BRIEF DESCRIPTION OF THE DRAWINGS
[0031] FIG. 1 shows a schematic view of an example of an apparatus
for obtaining geometrical data relating to the internal surface of
a cavity.
[0032] FIG. 2 shows a schematic view of another example of an
apparatus for obtaining geometrical data relating to the internal
surface of a cavity.
[0033] FIG. 3 shows a sectional view of the distal end of a probe
of an apparatus for obtaining geometrical data relating to the
internal surface of a cavity.
[0034] FIG. 4 shows a sectional view of an example of a lens system
of an apparatus for obtaining geometrical data relating to the
internal surface of a cavity.
[0035] FIG. 5 is a side view showing the human ear and illustrating
the use of the apparatus described herein.

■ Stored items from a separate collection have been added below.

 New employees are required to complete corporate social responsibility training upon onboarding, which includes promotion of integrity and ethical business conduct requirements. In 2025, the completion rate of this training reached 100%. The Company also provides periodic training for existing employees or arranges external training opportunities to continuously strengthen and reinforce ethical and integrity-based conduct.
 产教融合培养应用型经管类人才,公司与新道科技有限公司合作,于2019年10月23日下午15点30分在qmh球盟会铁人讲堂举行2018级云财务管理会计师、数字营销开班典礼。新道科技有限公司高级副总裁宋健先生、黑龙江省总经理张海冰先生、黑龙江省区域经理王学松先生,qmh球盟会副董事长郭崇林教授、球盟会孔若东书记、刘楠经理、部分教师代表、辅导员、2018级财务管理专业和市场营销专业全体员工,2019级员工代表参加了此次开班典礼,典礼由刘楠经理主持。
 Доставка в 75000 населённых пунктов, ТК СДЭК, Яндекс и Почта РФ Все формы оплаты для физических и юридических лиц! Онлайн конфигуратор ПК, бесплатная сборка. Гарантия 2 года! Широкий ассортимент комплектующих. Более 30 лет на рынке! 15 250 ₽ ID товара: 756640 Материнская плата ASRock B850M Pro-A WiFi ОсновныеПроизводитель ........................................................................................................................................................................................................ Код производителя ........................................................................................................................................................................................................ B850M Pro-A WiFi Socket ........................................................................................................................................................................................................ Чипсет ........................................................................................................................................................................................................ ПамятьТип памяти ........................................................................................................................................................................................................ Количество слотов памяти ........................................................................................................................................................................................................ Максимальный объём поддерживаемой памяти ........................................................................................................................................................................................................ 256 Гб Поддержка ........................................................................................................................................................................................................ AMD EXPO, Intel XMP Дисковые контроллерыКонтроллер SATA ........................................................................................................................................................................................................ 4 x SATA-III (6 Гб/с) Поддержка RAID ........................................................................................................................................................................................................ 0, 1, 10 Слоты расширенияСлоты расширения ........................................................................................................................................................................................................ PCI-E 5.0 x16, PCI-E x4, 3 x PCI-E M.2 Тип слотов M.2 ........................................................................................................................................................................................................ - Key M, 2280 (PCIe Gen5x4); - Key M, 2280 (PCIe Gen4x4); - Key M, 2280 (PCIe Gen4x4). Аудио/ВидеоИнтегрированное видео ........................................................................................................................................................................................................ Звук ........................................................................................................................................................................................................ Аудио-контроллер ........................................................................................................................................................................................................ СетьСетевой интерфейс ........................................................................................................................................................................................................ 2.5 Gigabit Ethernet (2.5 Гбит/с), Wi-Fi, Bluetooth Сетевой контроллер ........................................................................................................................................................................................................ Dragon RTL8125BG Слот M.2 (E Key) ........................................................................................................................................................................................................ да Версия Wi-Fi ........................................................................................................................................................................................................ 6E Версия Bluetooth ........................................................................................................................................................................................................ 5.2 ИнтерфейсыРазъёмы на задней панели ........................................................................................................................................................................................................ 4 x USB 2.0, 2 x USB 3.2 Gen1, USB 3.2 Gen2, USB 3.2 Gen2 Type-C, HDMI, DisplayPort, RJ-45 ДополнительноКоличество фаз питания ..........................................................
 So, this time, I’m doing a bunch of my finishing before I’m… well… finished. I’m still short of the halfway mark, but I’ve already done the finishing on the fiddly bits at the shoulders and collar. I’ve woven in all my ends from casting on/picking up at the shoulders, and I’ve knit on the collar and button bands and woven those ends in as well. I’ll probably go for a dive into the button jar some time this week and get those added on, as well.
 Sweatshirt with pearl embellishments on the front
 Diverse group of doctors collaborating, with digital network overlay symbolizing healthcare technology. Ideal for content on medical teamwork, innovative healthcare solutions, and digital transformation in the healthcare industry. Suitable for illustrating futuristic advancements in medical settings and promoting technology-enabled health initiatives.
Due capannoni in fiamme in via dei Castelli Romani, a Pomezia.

[0036] FIG. 6 shows a schematic view of another example of an
apparatus for obtaining geometrical data relating to the internal
surface of a cavity.
[0037] Throughout the drawings, equal reference signs refer to
equal or corresponding elements, features, or components.
DETAILED DESCRIPTION
[0038] FIG. 1a shows a schematic view of an example of an apparatus
for obtaining geometrical data relating to the internal surface of
a cavity. The apparatus, generally designated 100, comprises a
distal end portion 103 including an optical system 116 for emitting
and receiving light, a light source 101 and light guides 102 for
directing the light from the light source 101 to a rear surface 104
of the optical system 116. The optical system 116 may comprise one
or more lenses and/or one or more reflecting surfaces 105 for
directing the light from the light guides 102 as one or more beams
106 to the internal surface 107a, 107b of a cavity.
[0039] The light beams 106 are emitted at an acute angle 115
relative to the optical axis 113 of the optical system 116 which
also defines the direction of insertion of the distal end portion
103 into the cavity. The light beams 106 are emitted from
respective exit positions 117 radially displaced from the optical
axis. Furthermore, the exit position 117 and the position where the
light beam intersects with the cavity wall 107a, b, are positioned
on opposite sides of the optical axis 113. The light beams 106 thus
cross the optical axis. Furthermore, the light beams 106 intersect
at a point 118 in front of the probe; in the example of FIG. 1 the
beams intersect with each other on the optical axis.
[0040] In the example of FIG. 1, two light guides 102 are shown.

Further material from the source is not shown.